Boyer and his ministers, Jérôme-Maximilien Borgella and Jonathas Granville, were deeply involved in the mass migration of black Americans to Haiti. Loring D. Dewey of the American Colonization Society (ACS) had been an advocate of former slave migration from the United States to Haiti, as opposed to the more common ACS strategy of repatriating black Americans to Liberia. From September 1824, nearly 6,000 Americans, mainly free blacks, emigrated to Haiti in the space of a year. Due to the island's poverty and the Boyer administration's inability to help support new immigrants in transition, most black Americans returned to the United States after a short period of time.

===Fall of Boyer===
Boyer's authoritarian measures eventually lead to a loss of popular support and in 1842 an insurgency arose in Praslin, not far from Les Cayes, headed by General Charles Rivière-Hérard.

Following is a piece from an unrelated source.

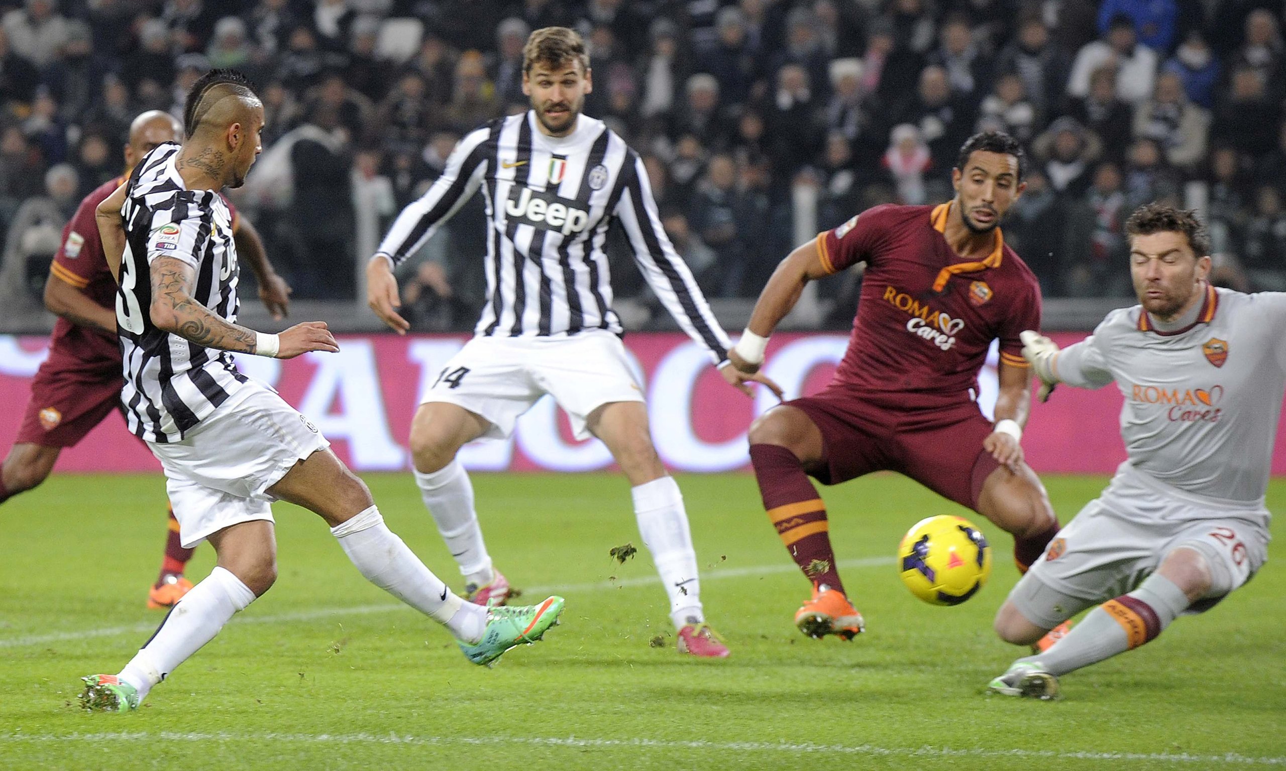 Bên phía Roma không có nhiều bất ngờ về đội hình khi họ đang gặp bão chấn thương. Totti, Gervinho và Iturbe là mũi đinh ba ngược trên hàng công. Và họ sử dụng sự linh hoạt của Iturbe và Gervinho để kéo dãn và làm rối loạn hàng thủ Juve. Gervinho và Iturbe liên tục hoán đổi vị trí buộc các hậu vệ của Juve phải thay đổi liên tục đối sách và tạo ra khá nhiều khoảng trống cho Totti. Roma không chủ trương « khóa » Juve mà tập chung vào lối chơi của mình.

Boyer attempted to quell the revolt, but with a loss of support and no chance of victory, Boyer abdicated in 1843 and went into exile in Jamaica.

===Return to Republic===
Charles Rivière-Hérard would declare himself president-for life but his reign would only last until May 1844. In the month's following Boyer's departure, Santo Domingo took advantage of the chaotic political situation to start a revolution against the Haitian government. Under the leadership of Juan Pablo Duarte, Francisco del Rosario Sánchez, and Matías Ramón Mella, the Dominicans expelled the Haitian forces from Santo Domingo and declared independence on 27 February 1844, this time as the newly-formed Dominican Republic. This would trigger the start of the Dominican War of Independence. During the final five years of the Republic of Haiti, the country would be limited again to the western portion of the island and no longer controlled the eastern side of the island. Following Rivière-Hérard, there would be four more presidents of the Republic of Haiti until Faustin Soulouque was elected president-for-life in 1847.

===End of the Republic===
On the 26th of August 1849, Soulouque was proclaimed Emperor of Haiti and the first Republic of Haiti was dissolved. At his coronation ceremony on 18 April 1852, Soulouque become Emperor Faustin I. The Emperor created a new class nobility to surround himself with and began a period of Haitian history known as the Second Haitian Empire.